- _REQUIREMENT_
Copy out again, unchanged, the listing below from the line that has "介入警戒感などから方向感のな" through the line that has "Gold embossed paper".

- _INPUT_
━━━━━━━━━━
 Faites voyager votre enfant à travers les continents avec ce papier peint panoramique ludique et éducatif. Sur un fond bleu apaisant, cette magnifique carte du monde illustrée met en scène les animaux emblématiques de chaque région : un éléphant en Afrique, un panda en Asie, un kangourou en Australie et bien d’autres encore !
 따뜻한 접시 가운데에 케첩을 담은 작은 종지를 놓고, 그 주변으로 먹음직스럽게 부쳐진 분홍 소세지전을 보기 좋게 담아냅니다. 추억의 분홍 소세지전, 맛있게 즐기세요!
━━━━━━━━━━
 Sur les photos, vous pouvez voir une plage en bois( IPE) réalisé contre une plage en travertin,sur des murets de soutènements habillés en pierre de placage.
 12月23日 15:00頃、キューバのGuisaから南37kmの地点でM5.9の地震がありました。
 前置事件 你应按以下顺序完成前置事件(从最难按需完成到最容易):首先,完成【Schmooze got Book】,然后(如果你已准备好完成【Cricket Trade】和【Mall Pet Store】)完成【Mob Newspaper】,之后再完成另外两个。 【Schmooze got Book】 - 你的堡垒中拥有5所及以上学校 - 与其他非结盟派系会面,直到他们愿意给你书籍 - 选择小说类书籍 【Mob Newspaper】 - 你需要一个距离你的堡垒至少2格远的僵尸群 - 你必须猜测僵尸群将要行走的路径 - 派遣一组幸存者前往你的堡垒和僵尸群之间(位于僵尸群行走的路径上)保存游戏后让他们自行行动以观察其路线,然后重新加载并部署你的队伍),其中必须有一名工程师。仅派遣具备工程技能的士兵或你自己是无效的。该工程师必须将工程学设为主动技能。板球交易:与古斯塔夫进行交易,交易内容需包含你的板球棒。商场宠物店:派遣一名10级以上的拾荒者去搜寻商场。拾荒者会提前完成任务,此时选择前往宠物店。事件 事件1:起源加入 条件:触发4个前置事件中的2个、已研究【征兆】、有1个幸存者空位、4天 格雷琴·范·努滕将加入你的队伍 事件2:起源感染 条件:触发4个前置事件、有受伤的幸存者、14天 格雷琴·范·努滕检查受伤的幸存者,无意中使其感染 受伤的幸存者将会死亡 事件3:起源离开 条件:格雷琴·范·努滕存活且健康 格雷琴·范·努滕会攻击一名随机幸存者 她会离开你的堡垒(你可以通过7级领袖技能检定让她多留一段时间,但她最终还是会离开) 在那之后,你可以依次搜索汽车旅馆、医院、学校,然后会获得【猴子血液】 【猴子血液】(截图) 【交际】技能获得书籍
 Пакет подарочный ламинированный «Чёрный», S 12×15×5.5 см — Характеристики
━━━━━━━━━━
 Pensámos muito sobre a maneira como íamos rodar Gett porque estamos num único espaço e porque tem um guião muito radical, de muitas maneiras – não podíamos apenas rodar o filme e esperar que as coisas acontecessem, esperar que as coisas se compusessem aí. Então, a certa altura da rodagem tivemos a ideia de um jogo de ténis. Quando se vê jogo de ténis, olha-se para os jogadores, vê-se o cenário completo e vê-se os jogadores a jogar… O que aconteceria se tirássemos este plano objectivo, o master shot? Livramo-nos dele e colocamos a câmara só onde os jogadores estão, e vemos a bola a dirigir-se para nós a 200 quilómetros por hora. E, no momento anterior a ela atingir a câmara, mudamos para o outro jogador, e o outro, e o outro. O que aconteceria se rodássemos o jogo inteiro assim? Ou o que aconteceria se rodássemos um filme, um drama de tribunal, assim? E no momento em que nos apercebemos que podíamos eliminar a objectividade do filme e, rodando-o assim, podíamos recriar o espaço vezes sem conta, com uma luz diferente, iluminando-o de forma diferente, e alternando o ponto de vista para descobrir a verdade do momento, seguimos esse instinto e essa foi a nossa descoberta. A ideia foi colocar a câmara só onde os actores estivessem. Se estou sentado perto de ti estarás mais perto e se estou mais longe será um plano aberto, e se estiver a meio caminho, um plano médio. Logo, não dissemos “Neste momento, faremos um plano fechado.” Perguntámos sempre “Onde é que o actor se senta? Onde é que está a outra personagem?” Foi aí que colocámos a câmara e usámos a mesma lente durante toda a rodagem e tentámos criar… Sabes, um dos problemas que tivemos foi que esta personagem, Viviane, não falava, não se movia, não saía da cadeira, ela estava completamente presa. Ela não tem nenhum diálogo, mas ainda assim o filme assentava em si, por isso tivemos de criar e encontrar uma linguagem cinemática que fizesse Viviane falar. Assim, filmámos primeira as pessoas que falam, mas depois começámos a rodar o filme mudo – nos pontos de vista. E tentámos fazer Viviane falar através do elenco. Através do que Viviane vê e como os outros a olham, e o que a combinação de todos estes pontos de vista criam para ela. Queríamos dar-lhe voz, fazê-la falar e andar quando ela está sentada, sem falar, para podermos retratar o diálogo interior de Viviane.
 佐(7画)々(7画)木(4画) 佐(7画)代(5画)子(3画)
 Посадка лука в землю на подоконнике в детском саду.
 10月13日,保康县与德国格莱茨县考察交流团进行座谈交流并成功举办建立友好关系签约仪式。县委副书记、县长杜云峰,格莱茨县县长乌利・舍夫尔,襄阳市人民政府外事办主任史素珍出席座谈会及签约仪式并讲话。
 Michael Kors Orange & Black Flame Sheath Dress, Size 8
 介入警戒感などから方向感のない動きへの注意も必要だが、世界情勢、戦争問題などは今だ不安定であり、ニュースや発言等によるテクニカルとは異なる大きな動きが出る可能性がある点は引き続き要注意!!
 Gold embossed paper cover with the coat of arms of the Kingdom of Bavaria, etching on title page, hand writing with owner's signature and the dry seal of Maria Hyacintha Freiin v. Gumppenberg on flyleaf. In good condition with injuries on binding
━━━━━━━━━━
- _TASK RESULT_
 介入警戒感などから方向感のない動きへの注意も必要だが、世界情勢、戦争問題などは今だ不安定であり、ニュースや発言等によるテクニカルとは異なる大きな動きが出る可能性がある点は引き続き要注意!!
 Gold embossed paper cover with the coat of arms of the Kingdom of Bavaria, etching on title page, hand writing with owner's signature and the dry seal of Maria Hyacintha Freiin v. Gumppenberg on flyleaf. In good condition with injuries on binding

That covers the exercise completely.